Los habitantes de Chagres constituyen en realidad una población independiente, donde los intendentes no suelen atreverse a cobrar las contribuciones ni a proceder al reclutamiento de los mozos. El régimen de desconfianza instaurado por los españoles en el Istmo, subsiste bajo el actual Gobierno, y la policía encargada de la verificación de los pasaportes es muy severa. Los extranjeros no pueden penetrar en el castillo, que por lo demás, apenas está medianamente defendido.
No ha habido sino un bergantín inglés, único barco de algún tonelaje que haya fondeado en Chagres, porque el paso es tan estrecho, que las goletas de tonelaje reducido son las únicas naves que pueden fondear en él. Los barcos de los ingleses traen telas y se llevan el oro del Perú y de Colombia y la plata de Méjico. El cargamento de los buques de Norte América, que aquí como en todas partes abastecen a las gentes, se compone de carnes saladas, bacalao, cebollas y de algunas otras mercaderías que compran en Jamaica. Introducen mucho tabaco de contrabando con el nombre de tabaco de La Habana.
Me he extendido un poco sobre los diversos lugares del Istmo de Panamá que he visitado, porque me ha parecido que la descripción de esos sitios podría presentar algún interés.

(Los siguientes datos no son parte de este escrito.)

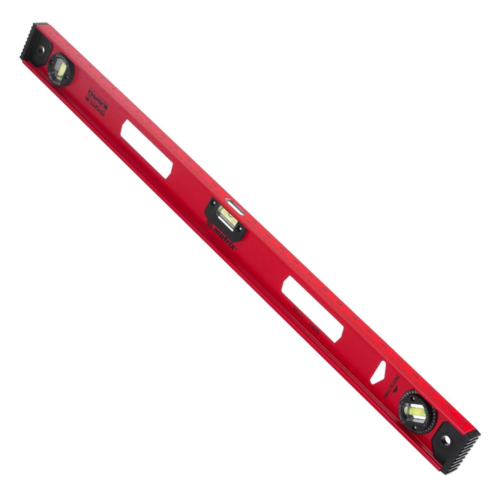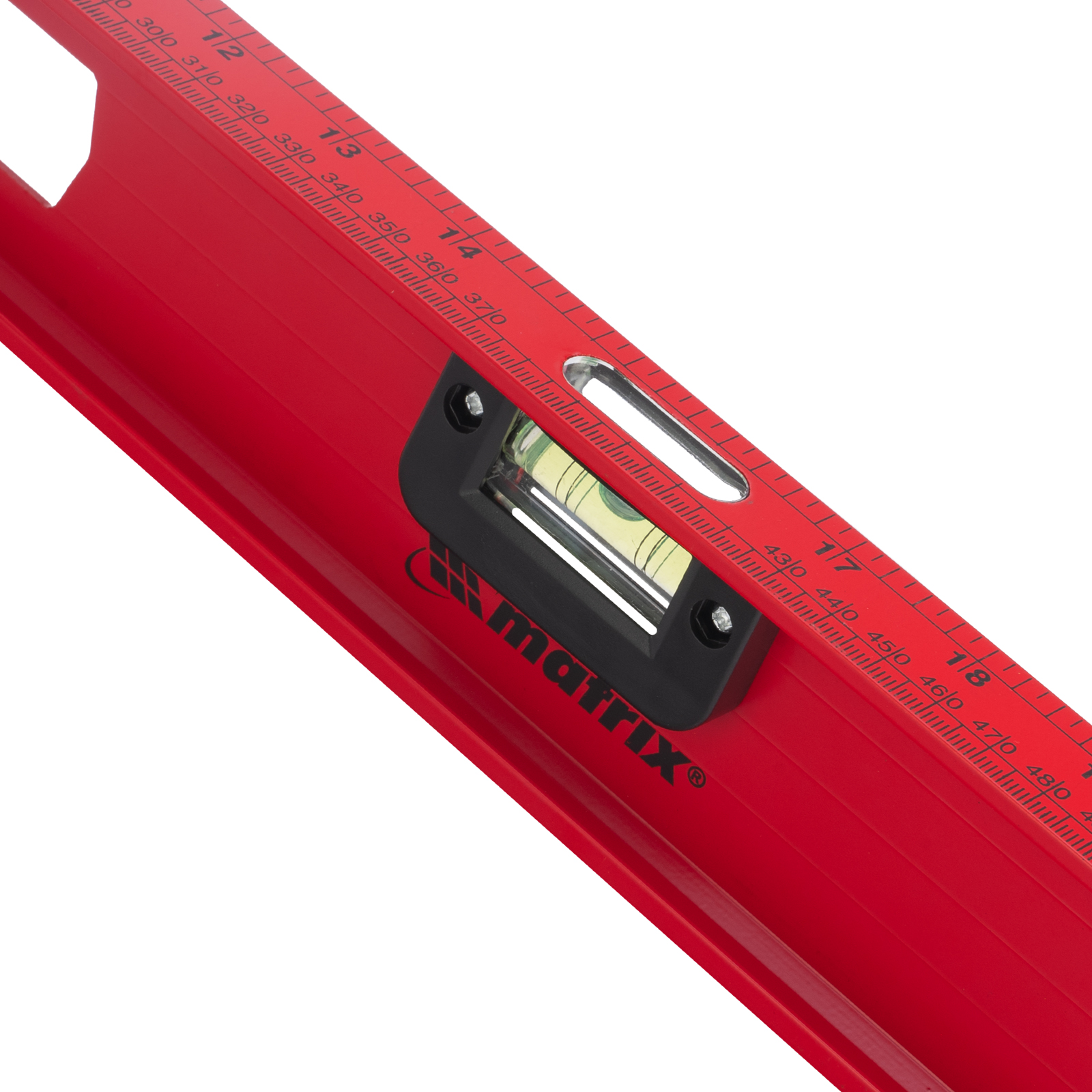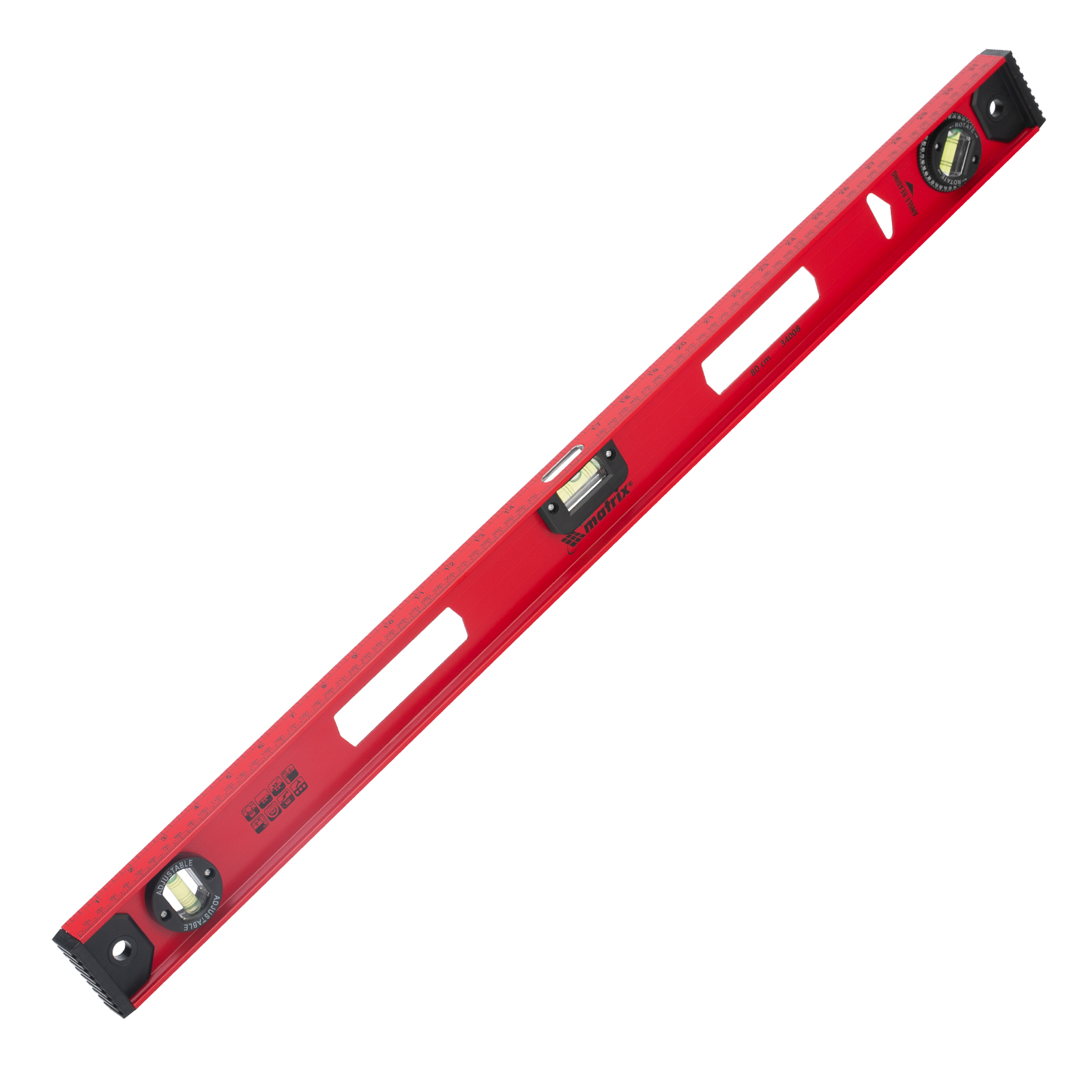 Уровень алюминиевый усиленный Matrix «Рельс» 34008 длиной 800 мм снабжен 3 глазками для проверки отклонений относительно горизонтальной и вертикальной плоскостей. Поворотный глазок уровня позволяет выстроить произвольный угол. Инструмент пригодится строителю, отделочнику, бетонщику и другим специалистам.
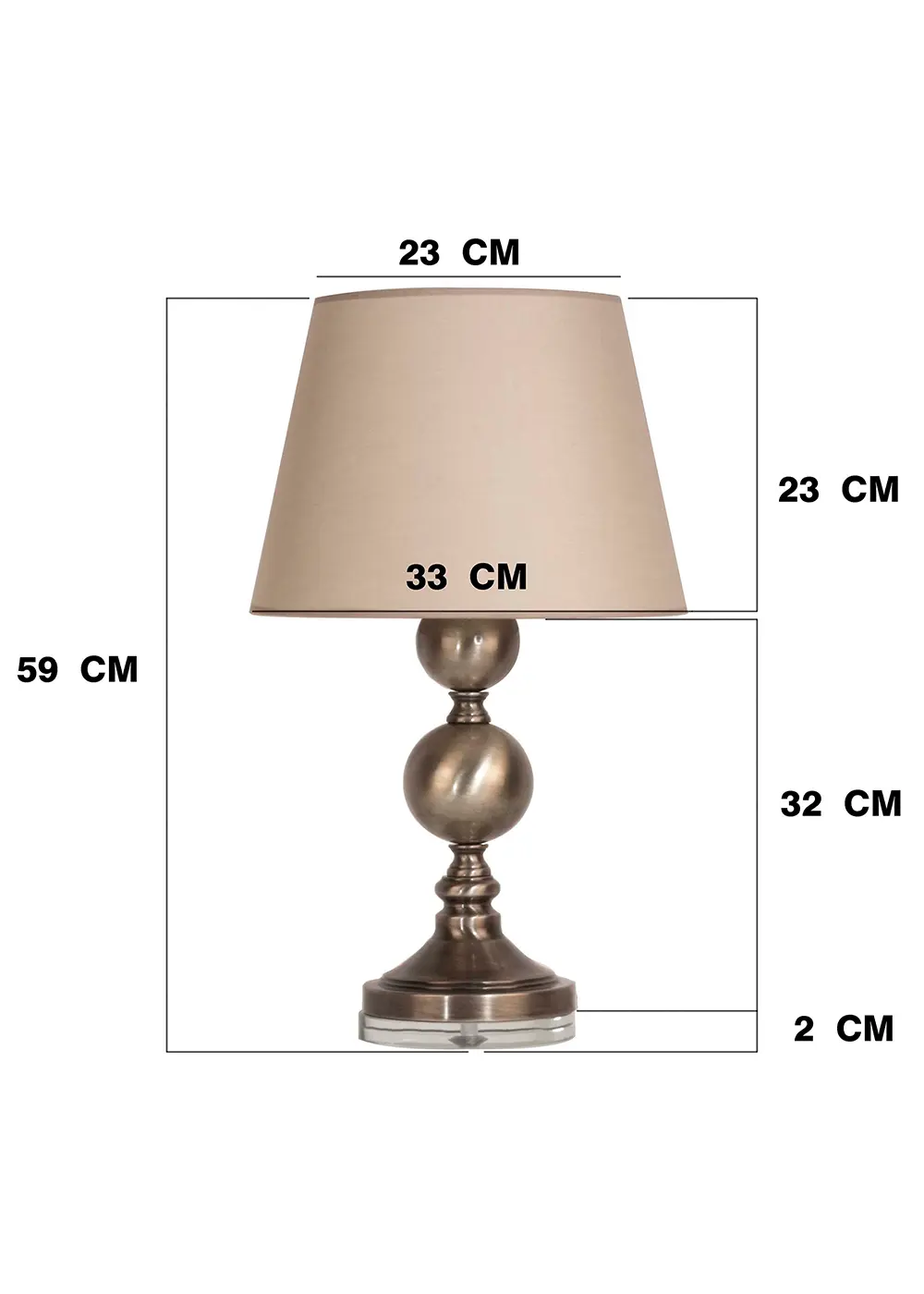 Klasik formlardan ilham alan bu şık aydınlatma ürünü, antik bronz tonlu metal gövdesi ve krem kumaş şapkasıyla yaşam alanlarına sıcak ve dengeli bir atmosfer kazandırır. Küre detaylı tasarımı ve güçlü taban formu sayesinde hem dekoratif hem fonksiyonel bir masa lambası olarak öne çıkar.
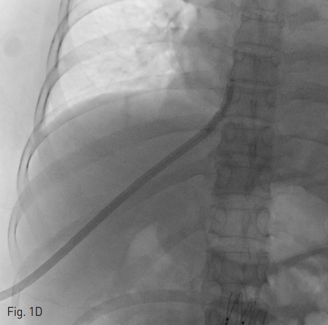 D. After failure of translumbar approach, the tunneled dialysis catheter was inserted through the right hepatic vein.
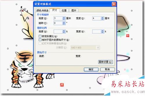 3、選中插入的十二張生肖圖片,雙擊,進(jìn)入“設(shè)置對(duì)象格式”對(duì)話框,單擊“尺寸”標(biāo)簽,設(shè)置高度為3厘米,寬度為4厘米,如圖所示,單擊“確定”按鈕完成設(shè)置
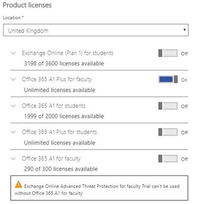 I've activated the free trial of ATP for faculty so that I can understand how it works. The trial comes with 25 user licenses, but I can't assign any of those licenses to users? For users with A1 plus licenses, under product licenses, it states that it can't be used without Office 365 A1 for faculty.
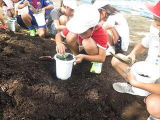 鉢ずつ苗の植え付け作業を行いました。「菊の苗つまり、赤ちゃんだよ」と紹介し
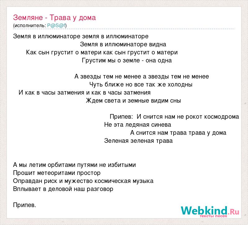 А как ты думаешь, о чем песня "Земляне - Трава у дома" ?
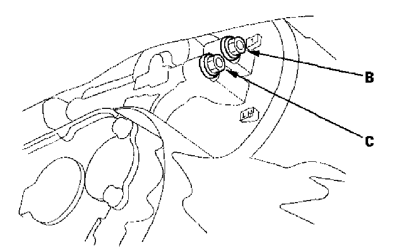 14. Measure the 1 at clutch pressure at the 1st clutch pressure inspection port (B) and the 1st-hold clutch pressure at the 1st-hold clutch pressure inspection port (C) while holding the engine speed at 2,000 rpm.
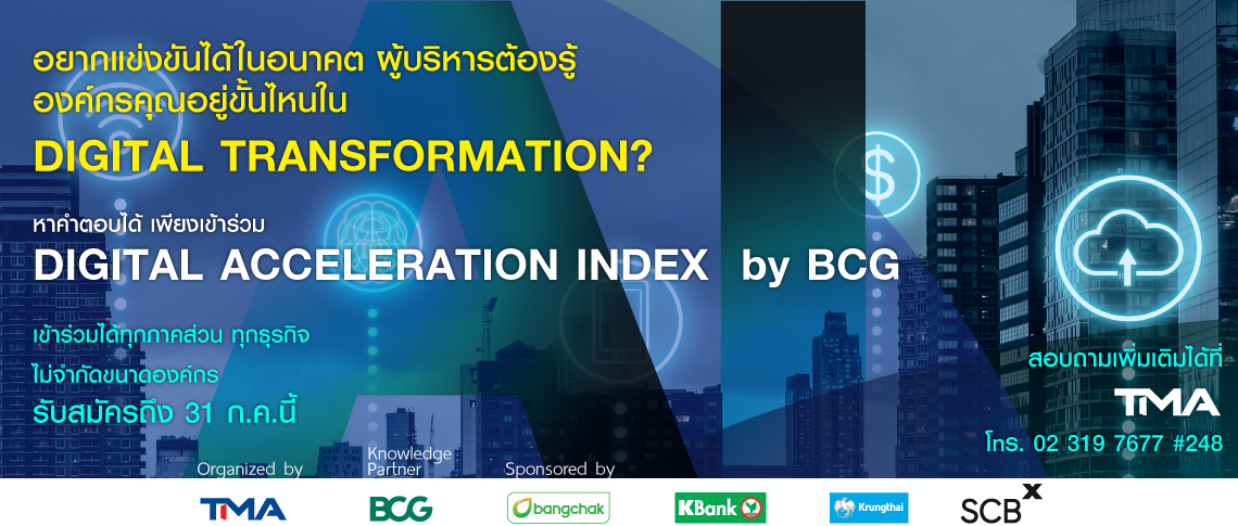 กรุงเทพฯ : 11 กรกฎาคม 2566 – ในโลกที่เทคโนโลยีดิจิทัลกลายเป็นเครื่องมือสำคัญในการบริหารจัดการและสร้างธุรกิจให้เติบโต องค์กรที่มีความพร้อมคือผู้ที่จะฝ่าด่านการแข่งขันได้และมีโอกาสการสร้างรายได้แบบก้าวกระโดด เพื่อสนับสนุนการสร้างขีดความสามารถในการแข่งขันด้านดิจิทัลในประเทศไทย สมาคมการจัดการธุรกิจแห่งประเทศไทย (TMA) ขอเชิญชวนองค์กรในทุกภาคส่วน ร่วมประเมินความพร้อมเกี่ยวกับ Digital Transformation (การเปลี่ยนผ่านองค์กรสู่ดิจิทัล) ด้วยเครื่องมือลิขสิทธิ์ Digital Acceleration Index (DAI) ของ Boston Consulting Group (BCG) องค์กรที่ปรึกษาทางธุรกิจระดับโลก
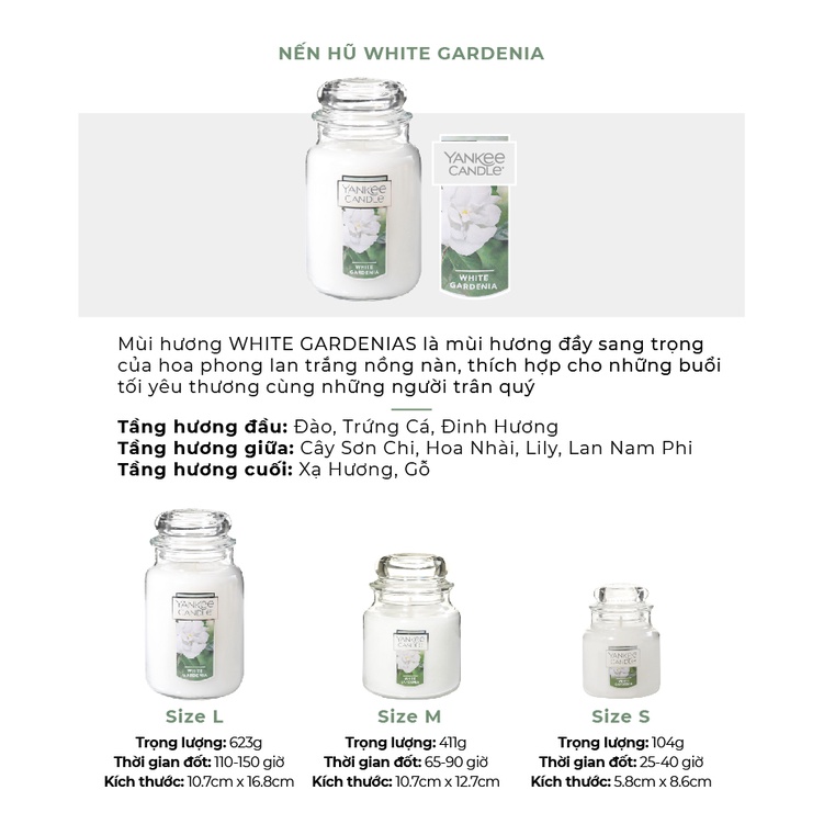 Giới thiệu Nến hũ Yankee Candle size L - White Gardenia
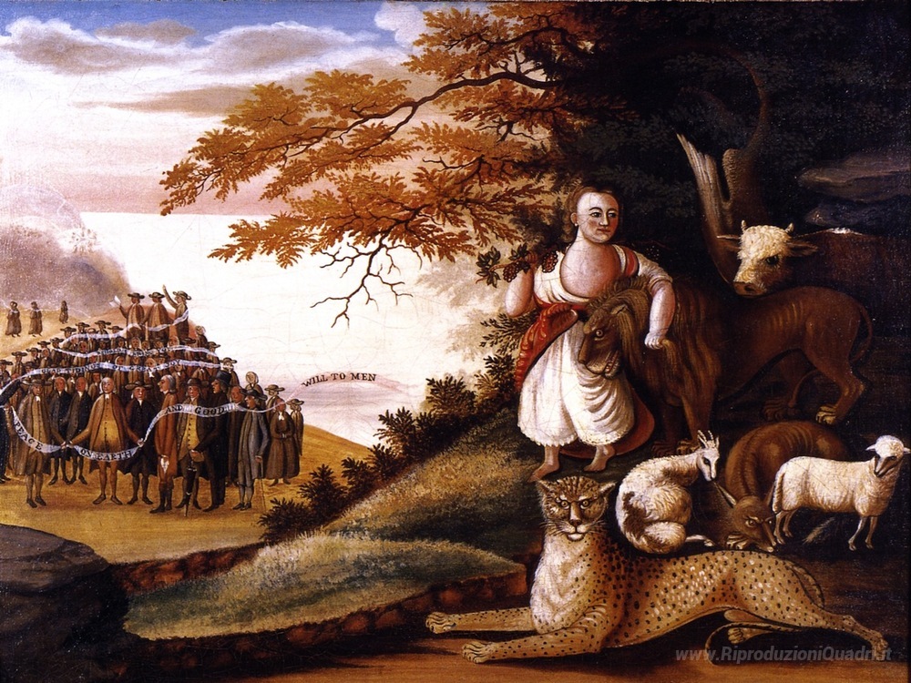 Ti offriamo una riproduzione artigianale su tela dell'opera famosa 'Peaceable Kingdom' di Edward Hicks, dal Museo delle Riproduzioni.
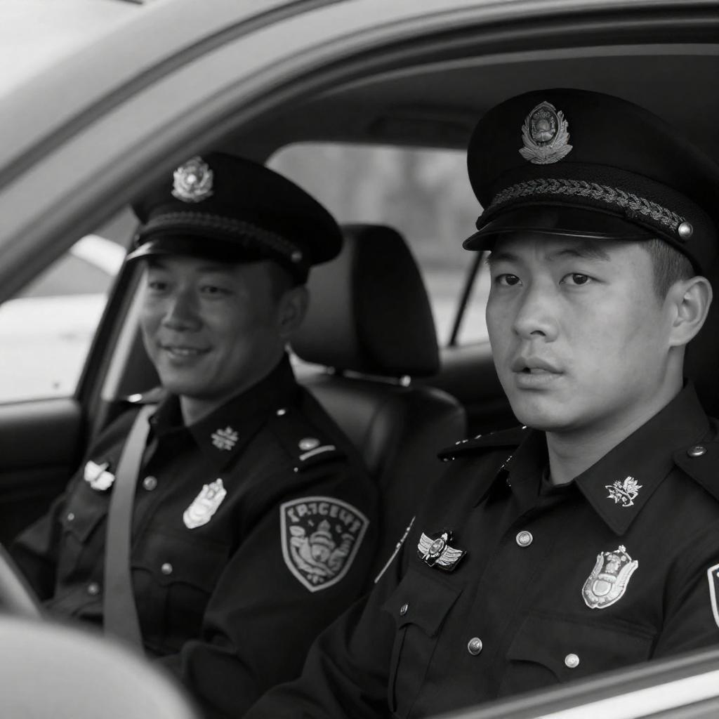 Black-and-white photograph of two male police officers in car, shot from inside. Both wear dark police uniforms and hats. Left officer has light skin, slight smile, short hair. Right officer has light skin, serious expression, slightly open mouth. Dimly lit background. Front seats visible.
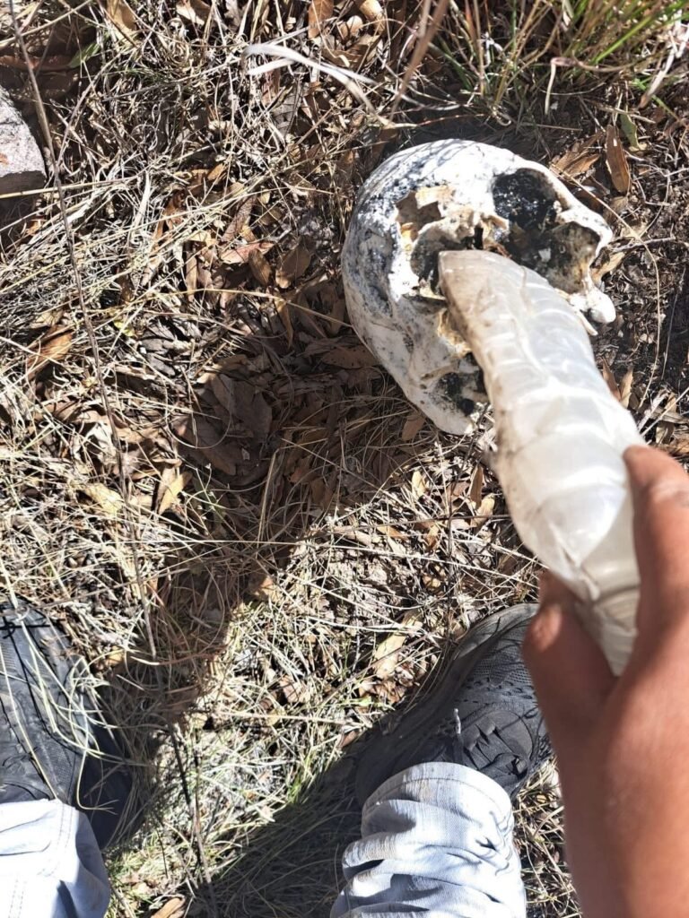 Las imágenes de este cráneo humano fue difundido en redes sociales la mañana de este sábado. El hallazgo sobre la carretera Parral-Guadalupe y Calvo.

En efecto, si la política de los hispanoamericanos o su apatía no dejase los caminos en estado tal de abandono, habría todas las comodidades posibles, principalmente en la ruta de Portobelo, cuya rada es muy segura. Los ingleses, a quienes no escapa ninguna ventaja de orden comercial, se han encargado, según me han dicho, de abrir un camino desde esta ciudad hasta Cruces, a condición de ser ellos los únicos autorizados para transportar mercancías, privilegio por el cual ofrecen pagar al Gobierno la décima parte de los beneficios.